Весной 1838 года Рихард, Минна и Амалия переехали в более удобную квартиру «в двухэтажный деревянный дом купца Бодрова, на углу Александровской и Мельничной улиц… в верхний этаж»[99]. (Дом Вагнера в Риге не сохранился — он был снесен в 1912 году.)
Девятнадцатого марта состоялся концерт, в котором среди прочего были исполнены увертюры «Колумб» и «Правь, Британия!». Концерт прошел достаточно успешно. Но каково же было изумление Вагнера, когда он обнаружил злую и насмешливую рецензию на этот концерт, опубликованную в знаменитом музыкальном журнале Роберта Шумана «Нойе Цайтшрифт фюр Музик»

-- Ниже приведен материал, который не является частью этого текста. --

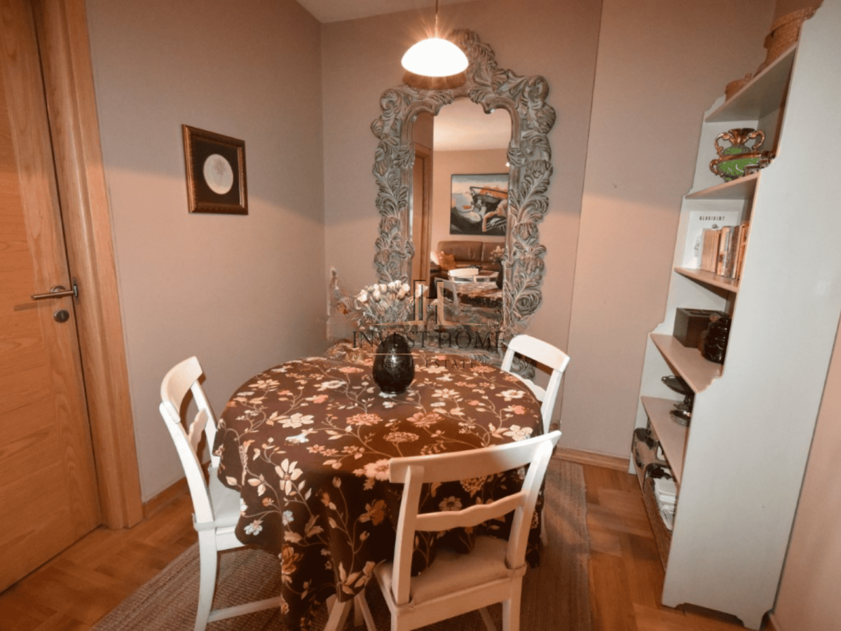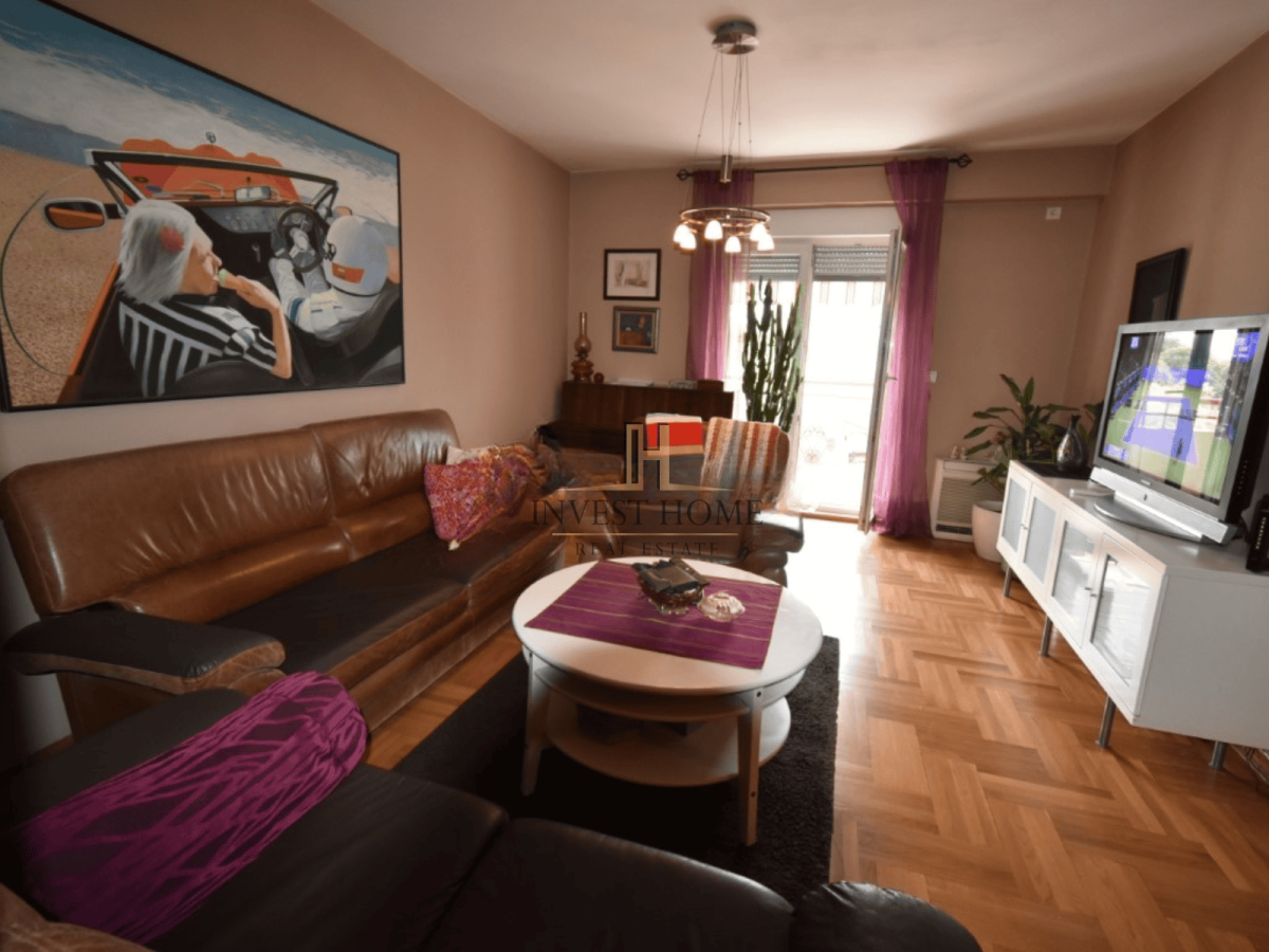 For sale is a three-bedroom apartment, Preko Morače, 112m2. It is located on the first floor of a residential building. The apartment is air-conditioned and has a multisplit heating and cooling system. It is sold unfurnished. It faces east-west. It is close to primary and secondary schools, colleges, banks, restaurants, cafes, as well as other essential city amenities.

Между тем тучи над головой Вагнера сгущались. С директором театра Холтаем отношения у него не сложились. Все нововведения, которые он собирался утвердить в театре, воспринимались дирекцией в штыки. А тут еще Холтай стал оказывать Минне недвусмысленные знаки внимания, просто не давая ей проходу. Вагнер держался до последнего; надежда на успех «Риенци» давала ему необходимые силы бороться дальше. Он вспоминал свои тогдашние ожидания: «Музыка „Риенци“ на текст, который я закончил еще в начале моего пребывания в Риге, должна была проложить мне мост в другой, столь желанный, богатый мир… в середине лета 1838 года я принялся за эту работу»[102]. Первый музыкальный набросок новой оперы датирован 7 августа 1838 года.
Так продолжалось в течение осени и зимы 1838/39 года: Вагнер, с одной стороны, был охвачен творческим вдохновением, с другой — вел изнуряющую борьбу с театральным руководством. Должность капельмейстера всё более тяготила его. Кроме того, Дорн решил воспользоваться враждебным отношением к Вагнеру директора. При каждом удобном случае он сообщал тому, что капельмейстер не умеет ладить с певцами, что с ним ни в коем случае нельзя продлевать контракт и прочее в том же роде. «Предоставленный исключительно самому себе, я оставался чужим для всех… со всё большим отвращением сторонился театрального персонала… и в марте 1839 года дирекция объявила мне о моем увольнении»[103], — вспоминал о том периоде Вагнер.
Дорн торжествовал. Забегая вперед скажем, что низкая рижская интрига не помешает ему как ни в чем не бывало в 1865 году вновь искать дружбы с Вагнером. Правда, тогда композитор сумеет от этой «дружбы» уклониться…
Вагнера уже давно привлекал Париж. Он понимал, что настоящий успех ждет оперного композитора только там. Работа над «Риенци» продолжалась (был уже закончен второй акт, который оставалось лишь инструментовать), и к лету 1839 года Рихард и Минна, с негодованием отвергнувшая предложенный ей Холтаем ангажемент, были готовы выехать из Риги в Париж, где Вагнер решил попытать «счастья исключительно на поприще оперных композиций». Предварительно он отправил письмо Мейерберу, прося его поддержки. Ответ на это письмо так и не был получен…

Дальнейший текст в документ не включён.